Тогда гости брали чарки и быстро осушали их, мощно крякая и рукавом шитых мундиров утирая усы. Один Каргин не пил. При каждом появлении жены Луковкин хмурил брови и сердито смотрел в сторону. А появлений таких, надо думать, было уже немало, по крайней мере, лица гостей раскраснелись, споры стали оживленней, речи звучали громче.
— Я тебе говорю, Федор Семенович, — хватая за рукав Луковкина, говорил Сипаев, — что это не мир, а позор для России. Что «они» под Фридландом глупили, так это не есть оправдание, чтобы мир заключать. А Тильзит — безобразие! И наш Матвей Иванович то понял… Ты слыхал, чай, что он во дворце сделал?
— Ну? — сердито спросил Луковкин.
— Когда ему, значит, в Молдавскую армию отъезжать, был у Коленкура большой обед.

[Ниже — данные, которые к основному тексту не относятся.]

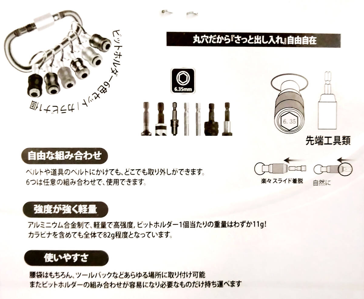 ◆ ビットホルダー カラフル 6個セット(カラビナ付き)◆ 六角軸1/4(6.35mm)対応 ◆ 送料無料 ◆
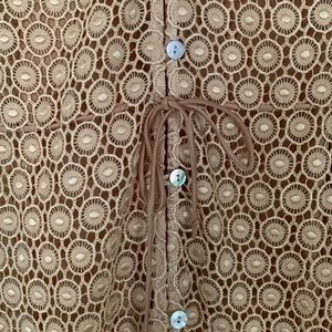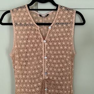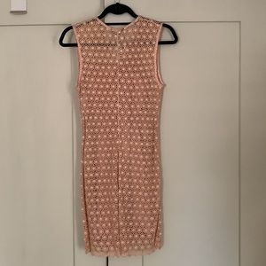 Beautiful simple lace peach color dress with slip & belt. Worn once in great condition. Dry clean only
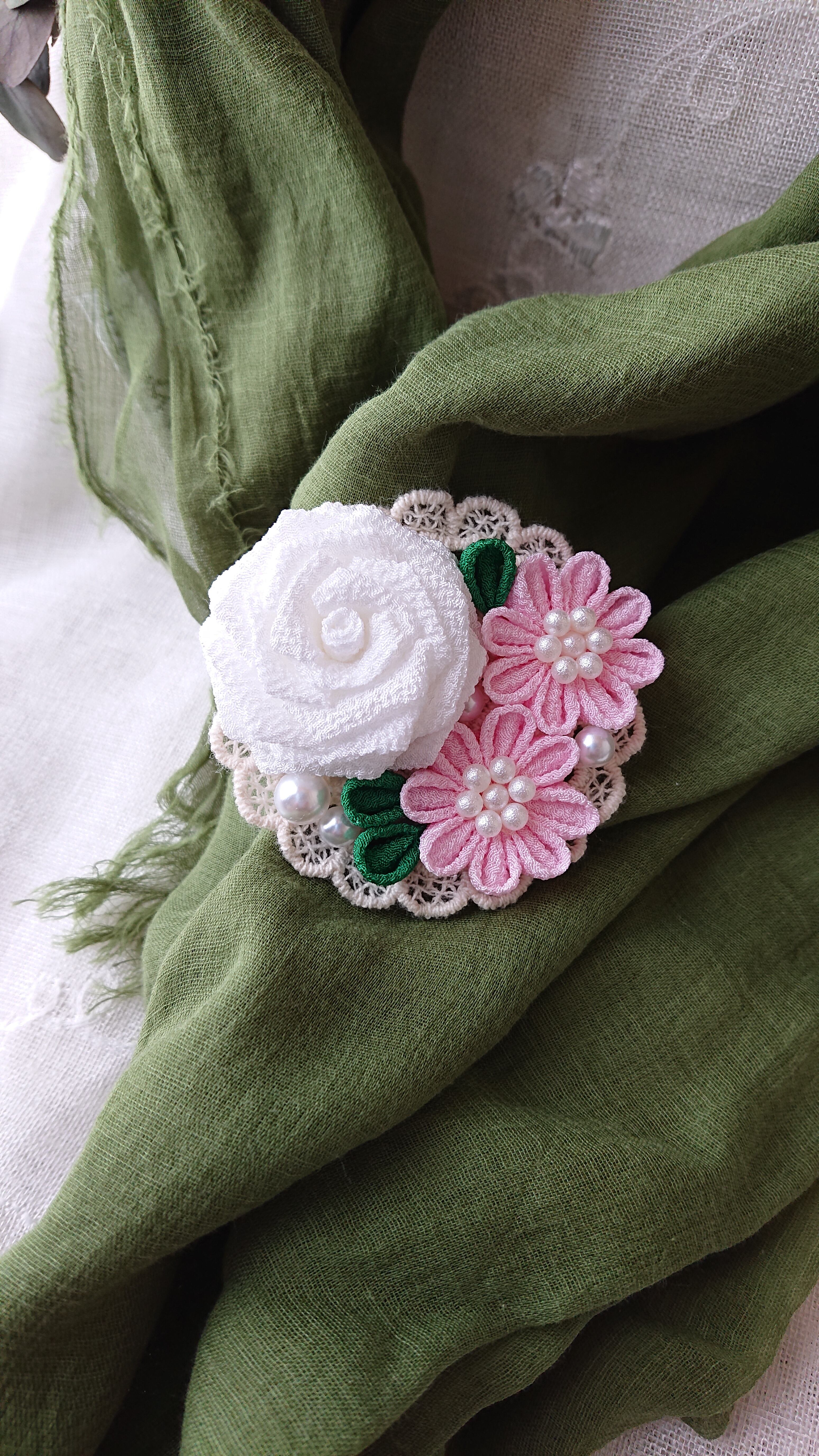つまみ細工 2wayブローチ ブーケ クリップ ブローチ
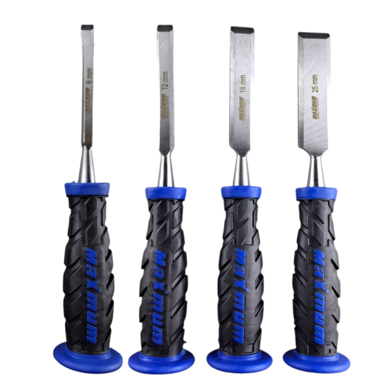 В комплект входят четыре стамески шириной 6, 12, 18 и 25 мм.
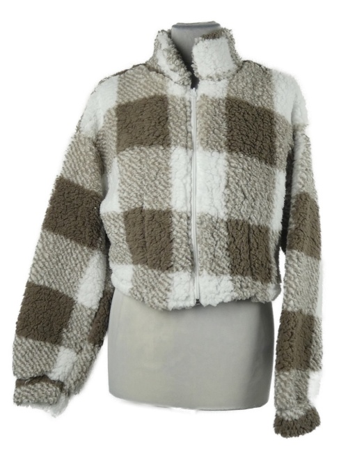 Dámská hnědo-bílá kostkovaná huňatá crop bunda
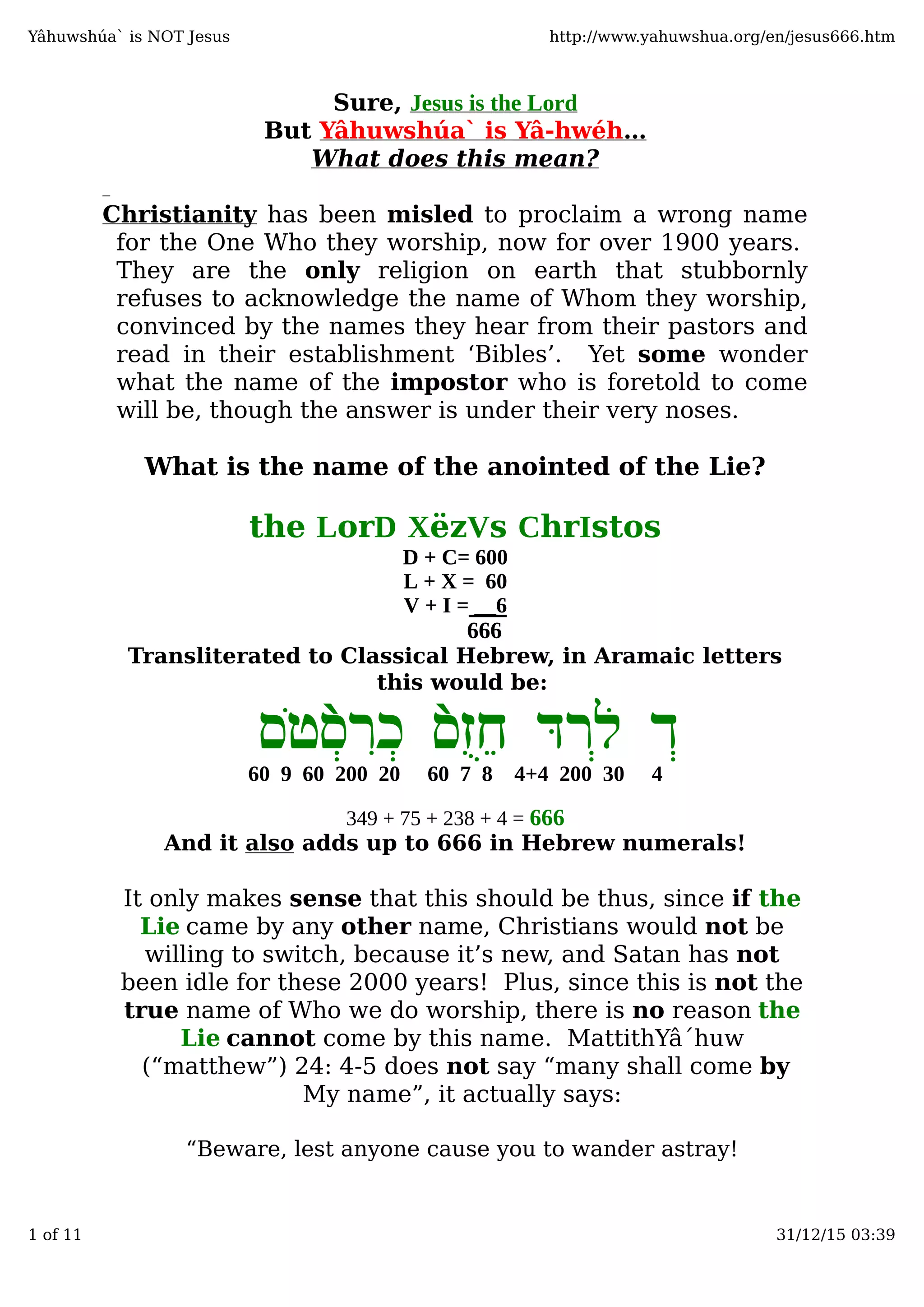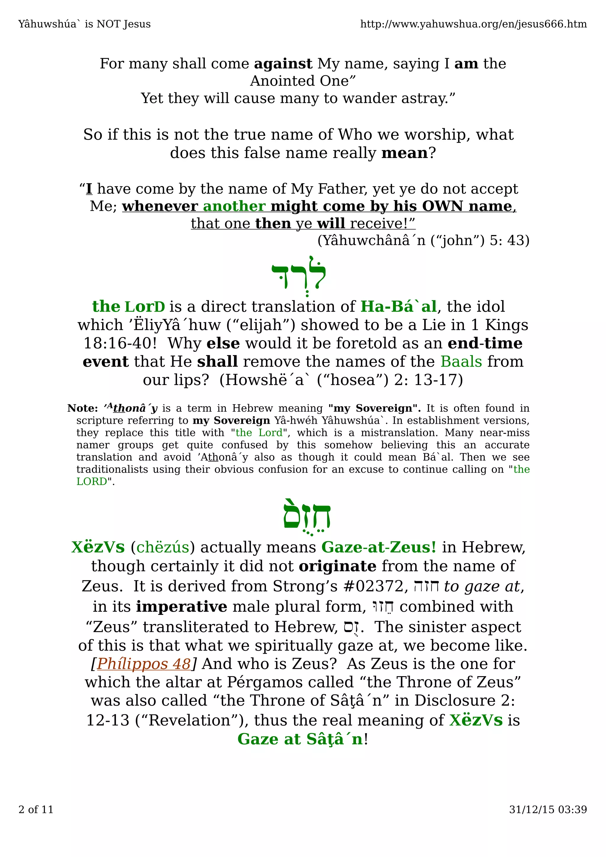 This document discusses how Christianity has misused the name of God and Jesus for over 1900 years by using names like "Lord" and "Jesus" instead of their original Hebrew names, Yahweh and Yahushua. It analyzes how the name "Jesus" translates to "Gaze upon Zeus" in Hebrew and adds up to 666 in various languages. It argues the true name of God is Yahweh and the Messiah's name is Yahushua, as found in original Hebrew scripture. The document seeks to correct the widespread misunderstanding and intentional distortion of their true names throughout history.
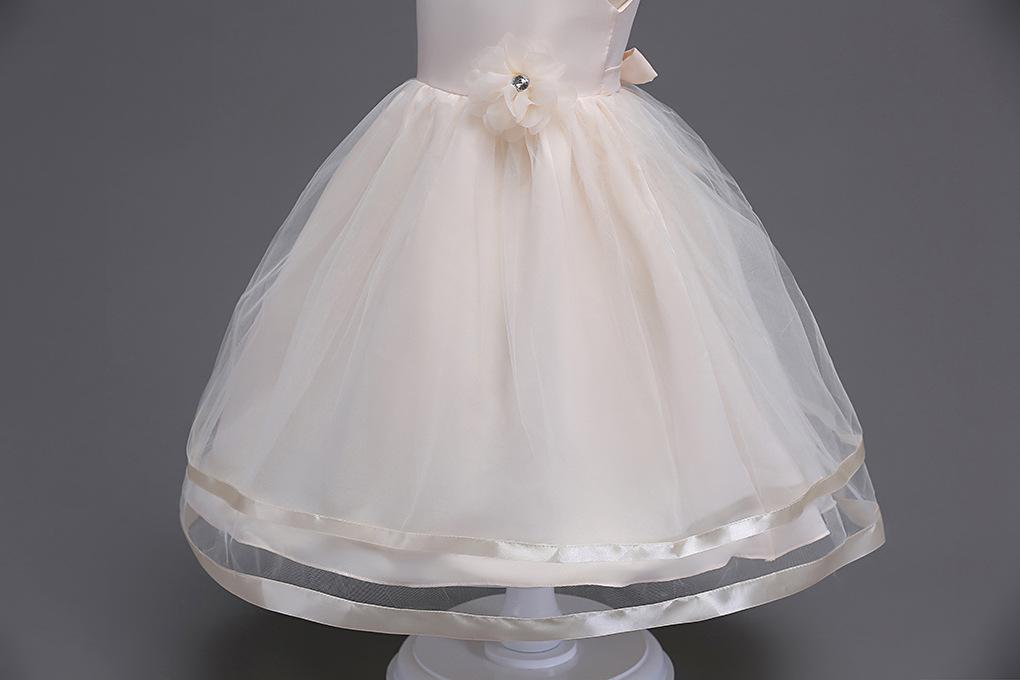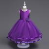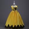 Vestido largo de malla de manga corta para niñas europeas y americanas, falda para niñas medianas y grandes, vestido de princesa de una pieza con borde cruzado, nuevo
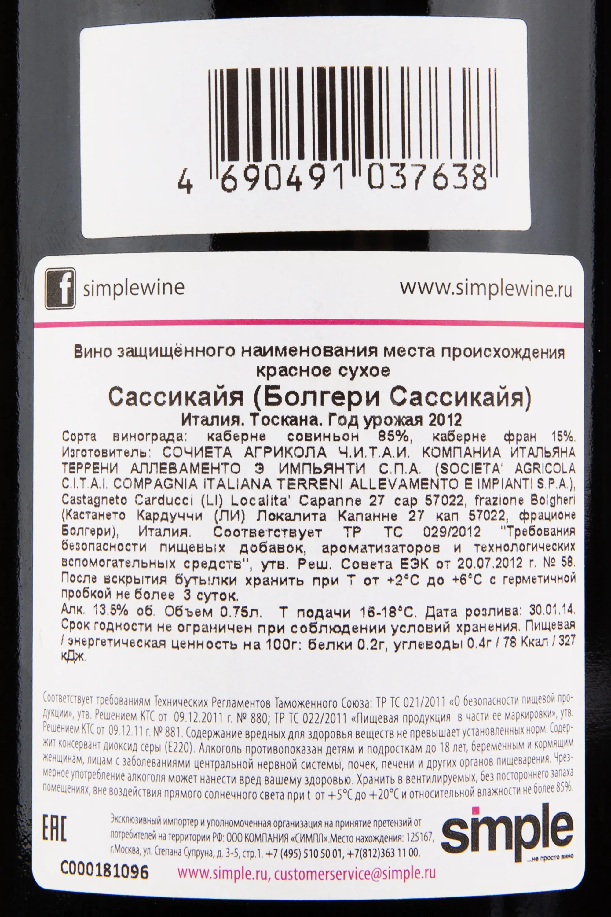 Sassicaia Bolgheri Sassicaia red dry 2012 0.75 л купить - Итальянское вино Сассикайя Болгери красное сухое цена в магазине г. Москва, ул. Профсоюзная, д. 16/10 10:00-22:00 Ежедневно +7 (495) 920-20-02 info@cru.ru
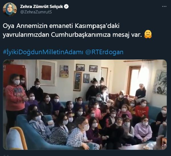Cumhurbaşkanı Erdoğan'ın doğum gününü kutlayan çocukların olduğu bir video paylaşan Selçuk, "Oya Annemizin emaneti Kasımpaşa'daki yavrularımızdan Cumhurbaşkanımıza mesaj var. İyi ki doğdun Milletin Adamı Recep Tayyip Erdoğan" ifadelerini kullandı.
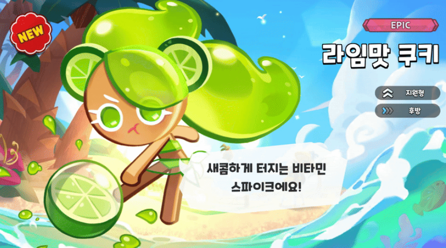 - 라임맛 쿠키 (지원형): '비치볼 속 깜짝 선물'로 아군에게 체력 보호막과 회복을 부여하며, 시트러스 쿠키들과 함께 전투 시 추가 버프를 얻고 모든 버프가 강화됩니다.
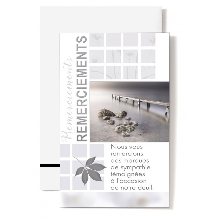 Jolie carte de condoléances double petit format avec mignonette REM. : Ponton sur la mer,...

— Стой. Что за птица такая Коленкур?
— Вот то-то что птица! Бонапартов посланник при нашем дворе.
— Так. Ну, дальше?
— Да, так вот был у него большой обед по случаю получения портрета Бонапартова в короне и с порфирой, Барклай был, еще много знатных персон пособралось. Ну, а Матвея Ивановича ты знаешь — он ведь как ляпнет, так топором ровно обрубит, да на всю залу при этом голосок-от, значит, командный. Вошел он в залу, огляни портрет, да и молви: «Эким шутом написан…» Ну, сам знаешь, какая тамоха[1] поднялась. Шу-шу, шу-шу, то, другое, третье… Коленкуру… а тот, французская лиса, сейчас и до государя. Так и так, ваше величество, оскорбление и прочее. Мы, говорит, дружеской державы, вы, говорит, братьями именуетесь, не могу, говорит, допустить этакий позор для французской короны…
— А, ты, егупетка подла[2], — сорвалось с языка молчавшего до сих пор и сидевшего в углу атаманского есаула.
— Государь осерчал. Послали за Матвеем Ивановичем. Является: кавалерия на груди, бриллиантовая сабля, что матушка Екатерина пожаловала, у бедра, — словом, со всем причиндалом. Говорил ты то и то? — спрашивает государь. «Говорил, государь. От твоей царской милости не скрою. Я давно отказывался от его иноземной хлеба-соли. Мы не рождены для супов; щи да каша солдатская еда наша». Вот каково отпалил.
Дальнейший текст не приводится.